_EXERCISE BRIEF_:
Only one span is wanted from the lines below: from the one with "Мягкая игрушка - кукла" up to and including the one with "We headed to". Copy it exactly, without images.

_DATA SHOWN_:
____
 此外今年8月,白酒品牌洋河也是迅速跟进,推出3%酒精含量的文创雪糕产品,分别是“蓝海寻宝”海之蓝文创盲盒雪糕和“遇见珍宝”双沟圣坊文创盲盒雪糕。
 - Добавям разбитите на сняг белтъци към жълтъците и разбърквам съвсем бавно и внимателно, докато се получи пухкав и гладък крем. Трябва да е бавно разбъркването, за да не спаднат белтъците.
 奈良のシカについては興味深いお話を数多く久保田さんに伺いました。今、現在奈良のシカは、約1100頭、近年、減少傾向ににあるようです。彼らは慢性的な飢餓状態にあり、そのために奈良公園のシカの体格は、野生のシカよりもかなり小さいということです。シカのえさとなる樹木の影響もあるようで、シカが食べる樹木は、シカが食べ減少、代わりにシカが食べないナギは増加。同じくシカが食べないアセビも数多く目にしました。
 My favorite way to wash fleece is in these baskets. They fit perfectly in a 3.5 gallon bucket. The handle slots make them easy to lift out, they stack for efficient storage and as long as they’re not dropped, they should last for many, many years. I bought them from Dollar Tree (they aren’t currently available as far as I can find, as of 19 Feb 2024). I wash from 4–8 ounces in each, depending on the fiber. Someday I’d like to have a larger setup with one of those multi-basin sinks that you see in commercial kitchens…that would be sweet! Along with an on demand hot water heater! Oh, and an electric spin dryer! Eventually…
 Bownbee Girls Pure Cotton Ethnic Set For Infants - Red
____
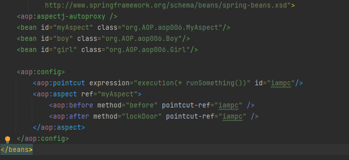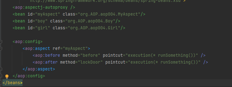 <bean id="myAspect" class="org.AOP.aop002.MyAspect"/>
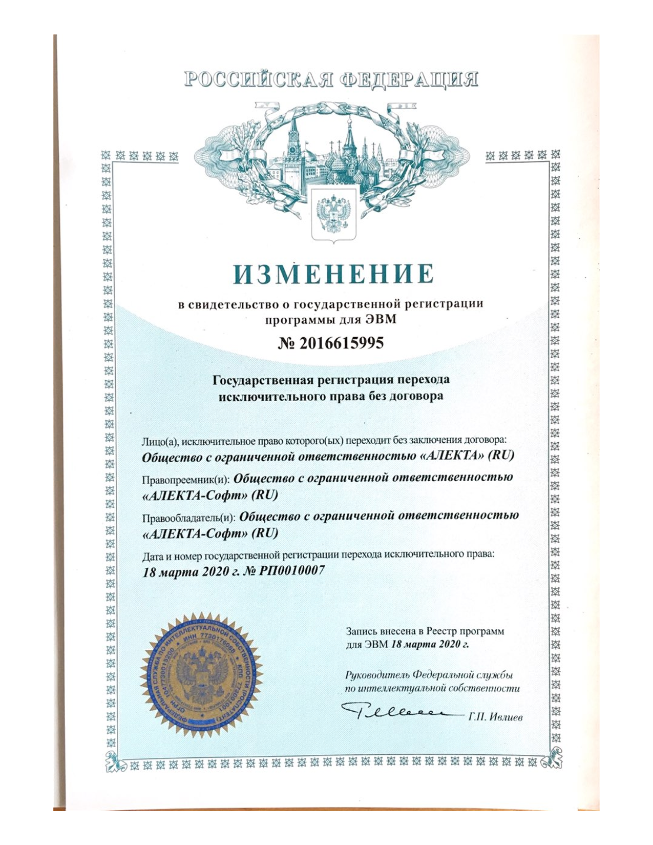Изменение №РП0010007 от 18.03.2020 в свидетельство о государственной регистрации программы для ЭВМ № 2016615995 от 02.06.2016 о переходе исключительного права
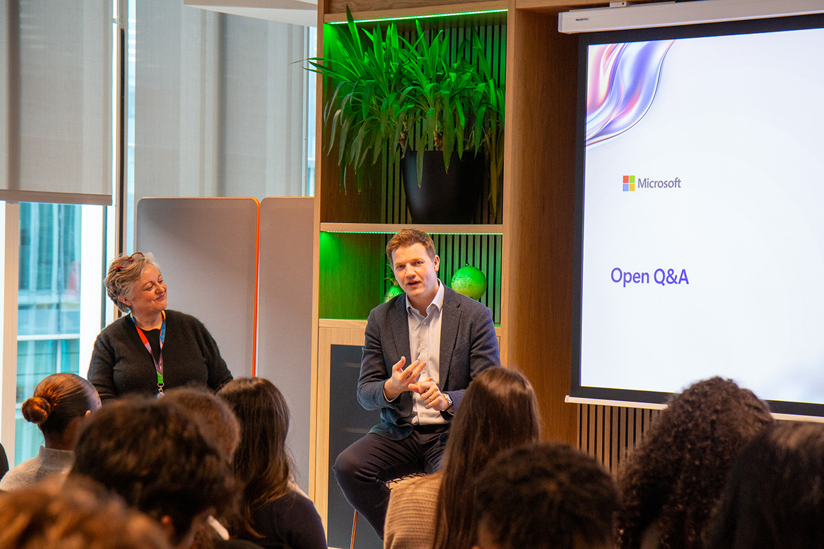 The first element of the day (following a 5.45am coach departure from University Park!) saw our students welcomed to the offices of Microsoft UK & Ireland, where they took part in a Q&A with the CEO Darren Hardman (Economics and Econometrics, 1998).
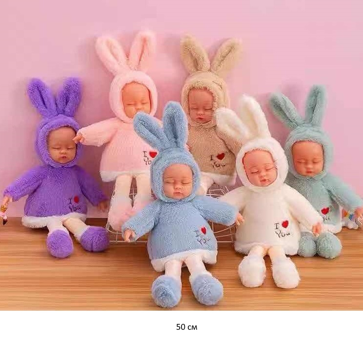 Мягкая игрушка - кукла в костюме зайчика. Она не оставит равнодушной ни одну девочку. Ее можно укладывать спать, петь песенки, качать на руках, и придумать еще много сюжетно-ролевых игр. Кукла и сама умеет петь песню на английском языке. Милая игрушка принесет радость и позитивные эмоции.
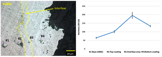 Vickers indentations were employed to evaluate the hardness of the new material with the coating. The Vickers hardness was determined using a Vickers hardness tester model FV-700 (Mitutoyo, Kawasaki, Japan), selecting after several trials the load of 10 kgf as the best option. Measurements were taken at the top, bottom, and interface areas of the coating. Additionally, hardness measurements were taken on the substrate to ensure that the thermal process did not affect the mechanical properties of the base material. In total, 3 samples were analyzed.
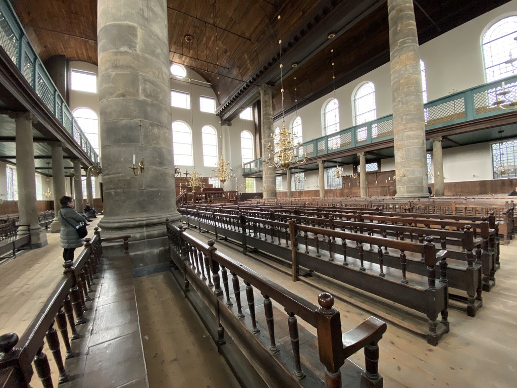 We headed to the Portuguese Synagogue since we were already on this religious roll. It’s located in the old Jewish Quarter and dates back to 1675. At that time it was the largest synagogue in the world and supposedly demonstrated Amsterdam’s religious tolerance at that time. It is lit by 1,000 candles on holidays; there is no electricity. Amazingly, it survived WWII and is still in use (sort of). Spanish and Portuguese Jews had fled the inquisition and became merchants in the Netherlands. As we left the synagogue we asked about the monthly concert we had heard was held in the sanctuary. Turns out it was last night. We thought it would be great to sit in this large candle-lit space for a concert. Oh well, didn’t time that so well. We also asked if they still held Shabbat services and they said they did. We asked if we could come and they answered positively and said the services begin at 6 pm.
____
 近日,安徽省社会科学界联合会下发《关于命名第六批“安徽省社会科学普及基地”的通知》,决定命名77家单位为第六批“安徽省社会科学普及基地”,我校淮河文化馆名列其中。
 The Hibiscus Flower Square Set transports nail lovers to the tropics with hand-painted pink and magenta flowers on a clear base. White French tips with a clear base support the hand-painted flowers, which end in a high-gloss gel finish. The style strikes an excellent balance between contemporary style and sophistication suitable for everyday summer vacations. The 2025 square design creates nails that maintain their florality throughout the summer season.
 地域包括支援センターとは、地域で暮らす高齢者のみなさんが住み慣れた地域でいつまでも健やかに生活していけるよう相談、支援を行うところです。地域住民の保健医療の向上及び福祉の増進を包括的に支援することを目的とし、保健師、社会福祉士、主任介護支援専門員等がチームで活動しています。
____
_RESULT OF THE EXERCISE_:
 Мягкая игрушка - кукла в костюме зайчика. Она не оставит равнодушной ни одну девочку. Ее можно укладывать спать, петь песенки, качать на руках, и придумать еще много сюжетно-ролевых игр. Кукла и сама умеет петь песню на английском языке. Милая игрушка принесет радость и позитивные эмоции.
 Vickers indentations were employed to evaluate the hardness of the new material with the coating. The Vickers hardness was determined using a Vickers hardness tester model FV-700 (Mitutoyo, Kawasaki, Japan), selecting after several trials the load of 10 kgf as the best option. Measurements were taken at the top, bottom, and interface areas of the coating. Additionally, hardness measurements were taken on the substrate to ensure that the thermal process did not affect the mechanical properties of the base material. In total, 3 samples were analyzed.
 We headed to the Portuguese Synagogue since we were already on this religious roll. It’s located in the old Jewish Quarter and dates back to 1675. At that time it was the largest synagogue in the world and supposedly demonstrated Amsterdam’s religious tolerance at that time. It is lit by 1,000 candles on holidays; there is no electricity. Amazingly, it survived WWII and is still in use (sort of). Spanish and Portuguese Jews had fled the inquisition and became merchants in the Netherlands. As we left the synagogue we asked about the monthly concert we had heard was held in the sanctuary. Turns out it was last night. We thought it would be great to sit in this large candle-lit space for a concert. Oh well, didn’t time that so well. We also asked if they still held Shabbat services and they said they did. We asked if we could come and they answered positively and said the services begin at 6 pm.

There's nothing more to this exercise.